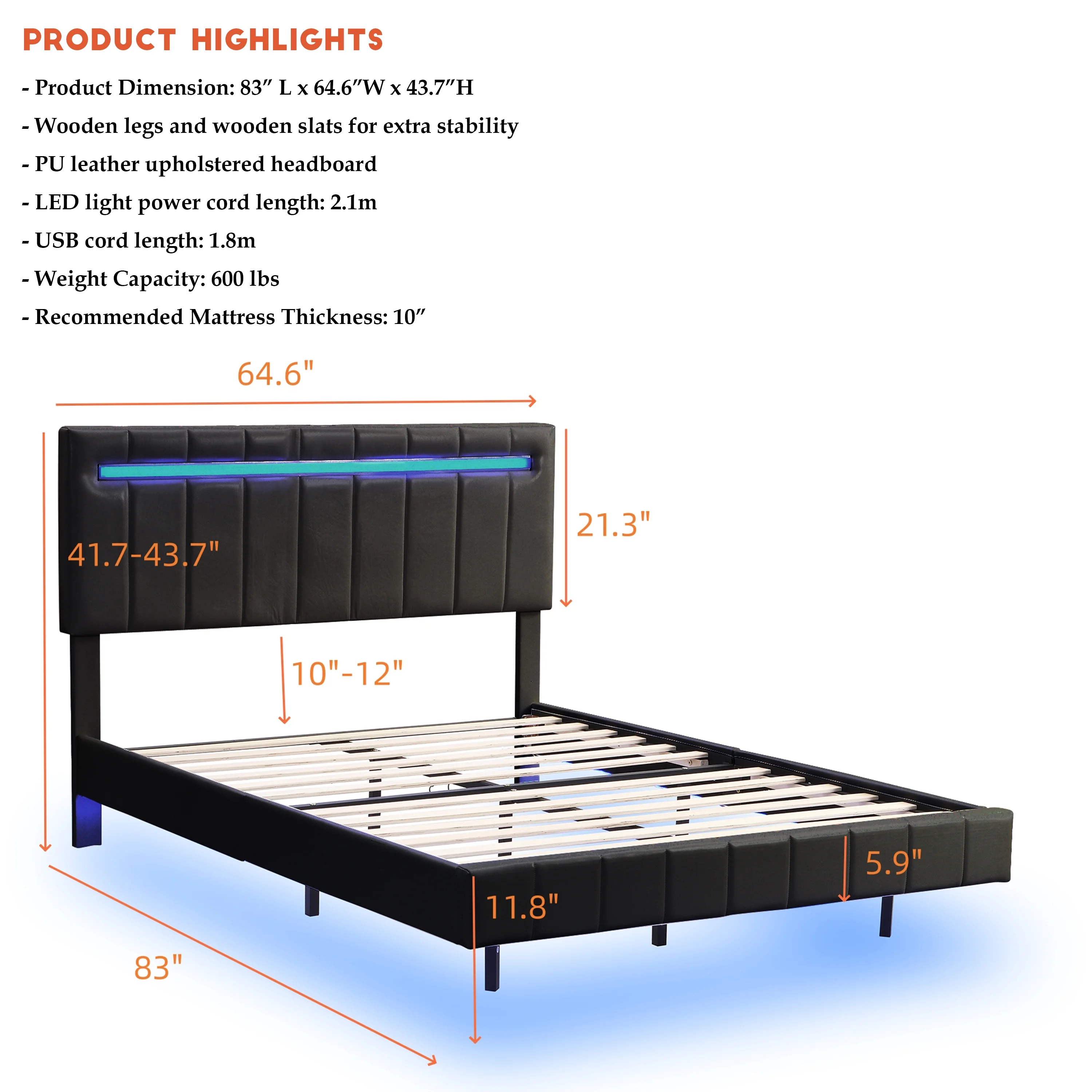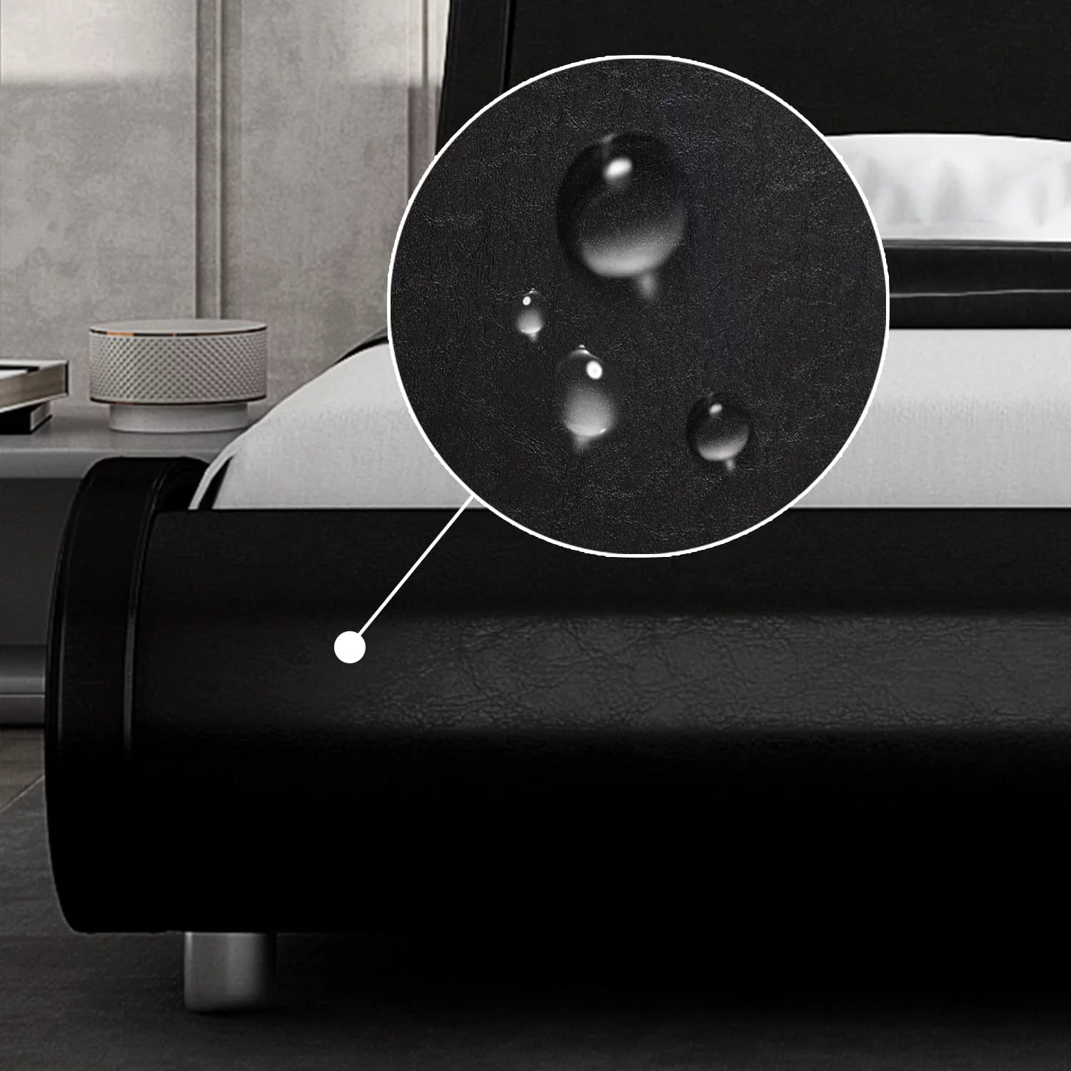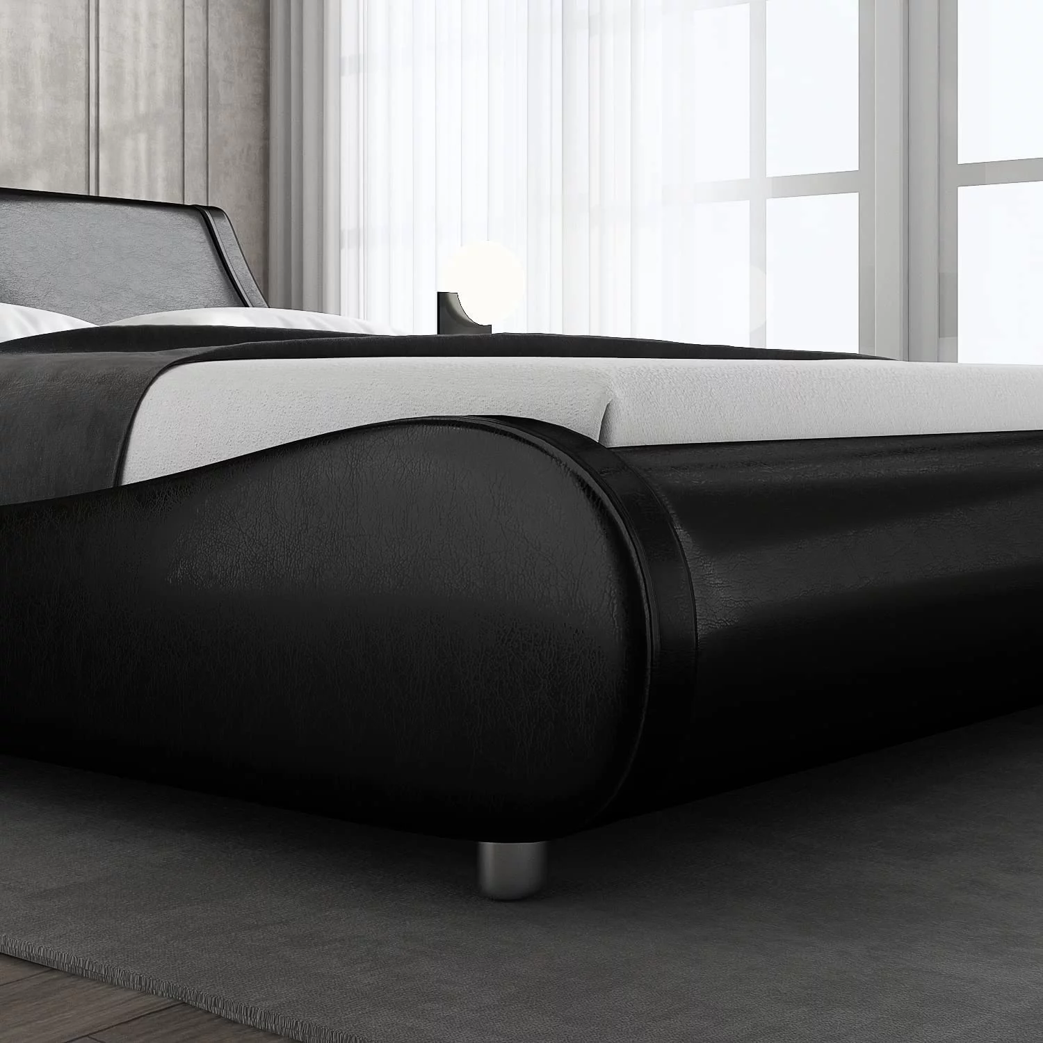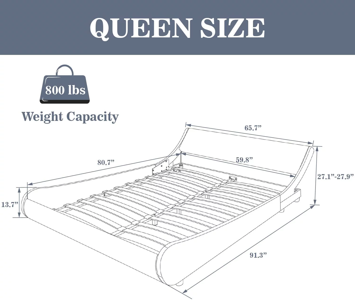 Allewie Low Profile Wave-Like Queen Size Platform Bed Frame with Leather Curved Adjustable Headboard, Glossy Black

==

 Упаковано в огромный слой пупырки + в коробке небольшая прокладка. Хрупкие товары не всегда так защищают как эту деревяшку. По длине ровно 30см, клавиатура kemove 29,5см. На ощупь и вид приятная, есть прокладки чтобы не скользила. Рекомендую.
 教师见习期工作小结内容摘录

_TASK REQUIREMENTS_
In the material above, find the line containing "Упаковано в огромный" and the line containing "教师见习期工作小结内容摘录", then write out exactly those two lines and every line between them, and nothing more.

_COMPLETED EXERCISE_
 Упаковано в огромный слой пупырки + в коробке небольшая прокладка. Хрупкие товары не всегда так защищают как эту деревяшку. По длине ровно 30см, клавиатура kemove 29,5см. На ощупь и вид приятная, есть прокладки чтобы не скользила. Рекомендую.
 教师见习期工作小结内容摘录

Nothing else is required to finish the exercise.